Marcus Griffin

No. 35
- Position: Safety

Personal information
- Born: January 4, 1985 (age 41) Austin, Texas, U.S.
- Listed height: 5 ft 10 in (1.78 m)
- Listed weight: 201 lb (91 kg)

Career information
- High school: Austin (TX) Bowie
- College: Texas (2003–2007)
- NFL draft: 2008: undrafted

Career history
- Minnesota Vikings (2008)*;
- * Offseason or practice squad member only

Awards and highlights
- BCS national champion (2005); First-team All-Big 12 (2007);

= Marcus Griffin =

American football player (born 1985)

Marcus Kevin Griffin (born January 4, 1985) is an American former football safety. He played college football at the University of Texas and entered the 2008 NFL draft; however, he went unselected. Griffin was signed as an undrafted free agent by the Minnesota Vikings on April 28, 2008, but subsequently waived on June 30, 2008. He has a twin brother Michael, who played with him at Texas.

==Early life==
Griffin attended Bowie High School where he was coached by Jeff Ables.
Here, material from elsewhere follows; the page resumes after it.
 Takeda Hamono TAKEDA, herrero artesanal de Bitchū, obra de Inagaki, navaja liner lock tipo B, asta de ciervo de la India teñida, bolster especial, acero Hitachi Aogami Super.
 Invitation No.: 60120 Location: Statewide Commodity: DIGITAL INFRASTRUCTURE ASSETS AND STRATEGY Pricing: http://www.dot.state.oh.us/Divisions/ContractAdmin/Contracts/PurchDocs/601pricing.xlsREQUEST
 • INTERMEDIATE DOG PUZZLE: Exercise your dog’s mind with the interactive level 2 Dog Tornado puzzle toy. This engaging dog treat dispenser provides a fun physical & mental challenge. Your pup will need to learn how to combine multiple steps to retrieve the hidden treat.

As a senior, he earned Austin American-Statesman All-Central Texas honors as a defensive back and was first team All-district on both offense and defense. He made 82 tackles-including 62 solo, 3 interceptions, and 1 fumble recovery. He also played quarterback. As a quarterback he threw for 1028 yards and rushed for 560.

==College career==
Griffin was a walk-on at UT in 2003. The 5th year strong safety had a great first year as a starter as he earned UT's Outstanding Defensive Newcomer Award. In all 5 years in college, he had 227 tackles, 6 interceptions and 91 yards.
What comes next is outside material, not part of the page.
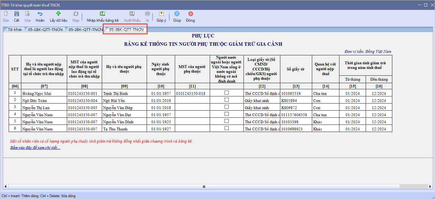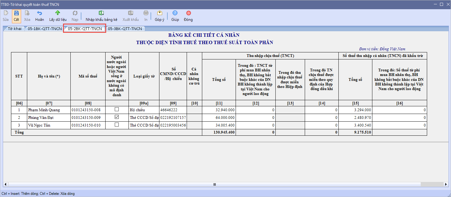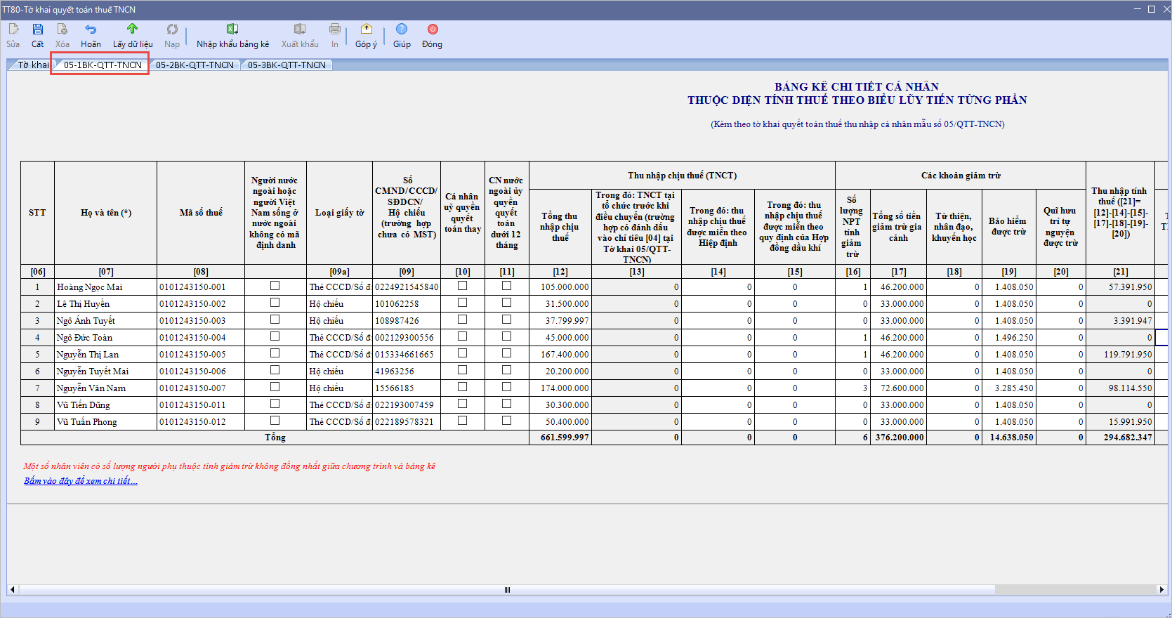 Bước 3. Chương trình tự động tổng hợp số liệu lên tờ khai thuế TNCN, trong đó:

Griffin started his career with the Longhorns as a redshirt freshman with the 2004 Texas Longhorns football team. That year, he played in all 12 games and made 10 tackles, including 7 on special teams.

In 2005, he played in all 13 games for the 2005 Texas Longhorns football team at free safety and on special teams and recorded 32 tackles.

In 2006, he appeared in 11 games for the 2006 Texas Longhorns football team, starting 10, all at strong safety. The two missed games were against Rice and Baylor and were due to injury. He was named a second-team Academic All-Big 12 honoree as well as UT's Outstanding Defensive Newcomer.

Griffin had a great 2007 senior season, in which he led the Longhorns in tackles (99) and interceptions (5).

==Personal==
Marcus' twin brother, Michael Griffin, was also a defensive back at UT. Michael was a first rounder for the Tennessee Titans in the 2007 NFL draft. Their parents, Ronald and Mae, are both retired from the United States Armed Forces.